A coalition of meat industry groups is asking President Bush to exercise his emergency authority and immediately suspend the duties and quotas on imported ethanol used as a motor fuel additive.
Among members of the coalition are the American Meat Institute, National Cattlemen's Beef Association, National Chicken Council, National Turkey Federation, National Pork Producers Council, Pilgrims Pride Inc., Smithfield Foods Inc. and Tyson Foods Inc.
The reason the coalition is calling for the lifting of import ban on ethanol is skyrocketing corn prices, as corn is the primary ingredient in livestock feed.
In its letter to Bush, the coalition said the suspension of the tariff will help producers, processors and consumers who are being directly and immediately impacted by rising feed and food prices due to the government mandate to convert nearly 30 percent of the domestic corn crop into fuel.

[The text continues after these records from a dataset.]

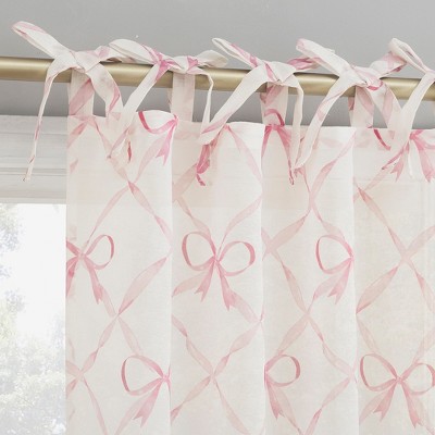 Sun Zero Romy Lattice Bow Sheer Tie Top Curtain Panel Pink
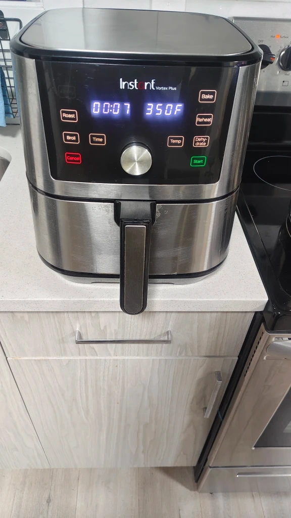 Selling an Instant Vortex Plus air fryer. It's in used condition, as you can see in the pictures, but still works great for cooking up your favourite snacks and meals. This air fryer is perfect for roasting, baking, reheating, broiling, and dehydrating!
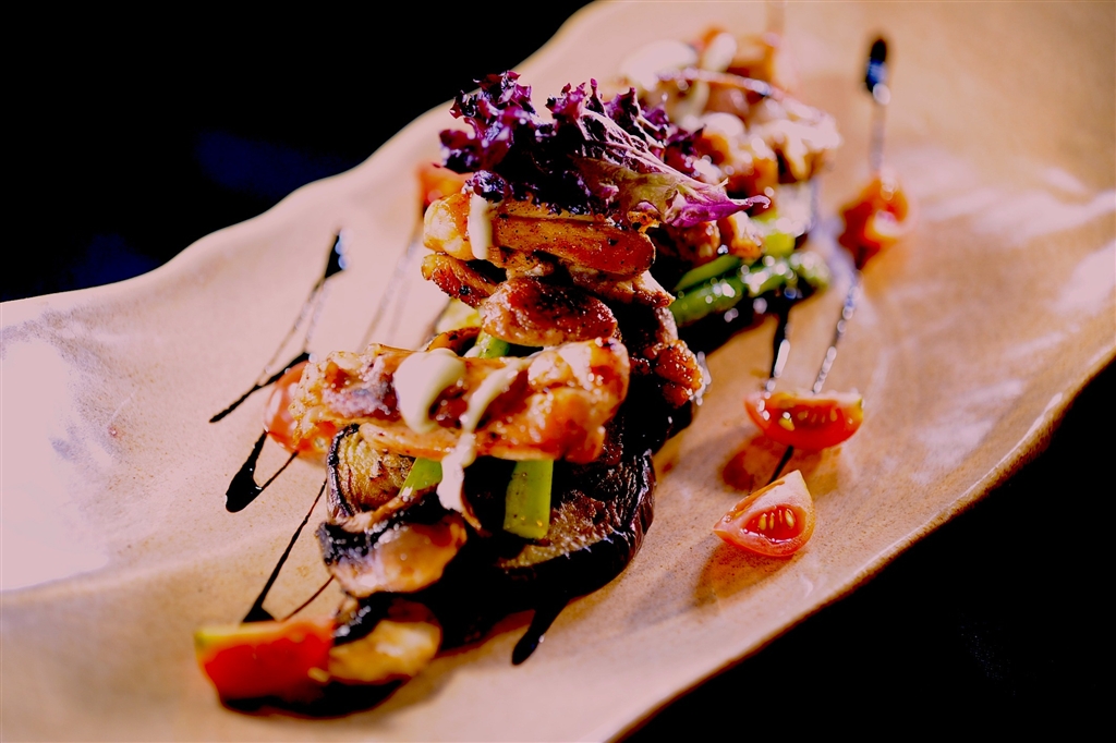 鳥の照り焼きも照り焼きバルサミコソースで気取ってます。
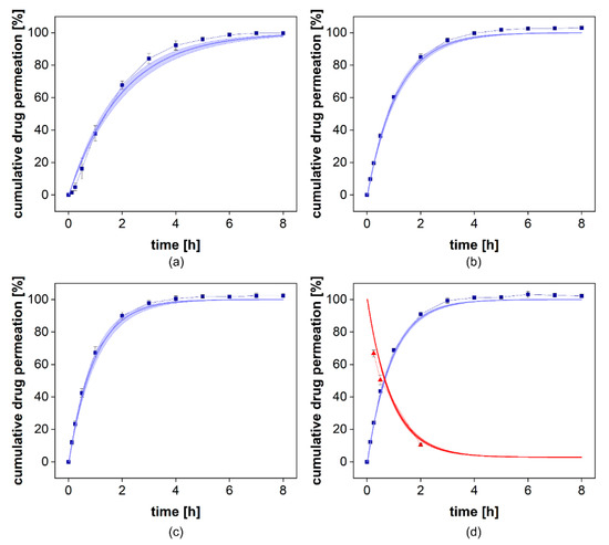 Comparison of observed and simulated permeation profiles at 0 (a), 25 (b), 50 (c), and 100 rpm (d). The blue squares indicate the mean ± SD (n = 6) observed cumulative drug permeation and the blue line presents the simulated cumulative drug permeation using the mean km ± SD. In (d) the donor compartment was evaluated. The red triangles indicate the observed mean ± SD (n = 6) with the corresponding simulated relative donor concentration as the red line.
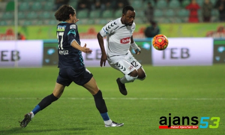 41. dakikada kazanılan köşe vuruşunda sağ taraftan Makiadi'nin ceza sahası içerisine ortasında Ahmet İlhan Özek'in kafa vuruşunda top üst ağlarda kaldı.
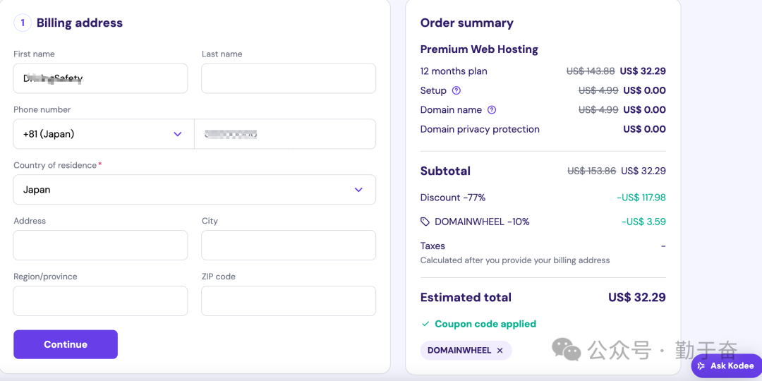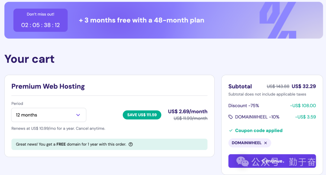 算下来费用差不多要32.29美元,送一年的域名使用权限,一年到期之后续费是10.99每个月,估计域名的费用需要后续再次算钱了。
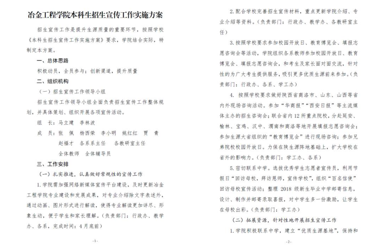 组建了2019年招生宣传工作领导小组,本着积极动员,领导组织带领,全员参与的工作思路,开展了2019年招生宣传工作。
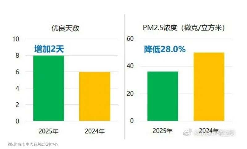 得益于全市上下群策群力,北京清新过年取得了良好的环境效果。今年除夕至正月初七8天春节假期期间,北京空气质量全部优良,其中一级优4天,二级良4天,优良天数较去年增加2天。PM2.5平均浓度为36微克/立方米,比去年同期改善28.0%。

The president can immediately suspend the tariff using the authorities provided by the Constitution, the National Emergencies Act, Tariff Act of 1930, Trade Expansion Act of 1962 and the International Emergency Economic Powers Act.
"The suspension of the 54 cents per gallon duty on ethanol will benefit Americans by introducing market competition for a product that is mandated and foster downward pressure for domestic ethanol and its feedstock," the coalition wrote. "Domestic dairy, livestock and poultry farmers; food and beverage manufacturers; employees in these industries and American food consumers will benefit from this action."
"The immediate suspension of this duty could lower the economic pressure on livestock and poultry producers as well as on fuel consumers," AMI President and CEO J. Patrick Boyle said.
The request to lift the import tariff also has the support of Sen. Richard Lugar, R-Ind.
Lugar said the U.S. should lift the tariff on Brazilian ethanol "that now shelters the U.S. industry."
Earlier this week, the USDA reported that corn planted area for all purposes is estimated at 87.3 million acres, down 7 percent from last year.
But despite the decrease, the USDA reported that corn planted acreage is the second highest since 1946, behind last year's total of 93.6 million acres.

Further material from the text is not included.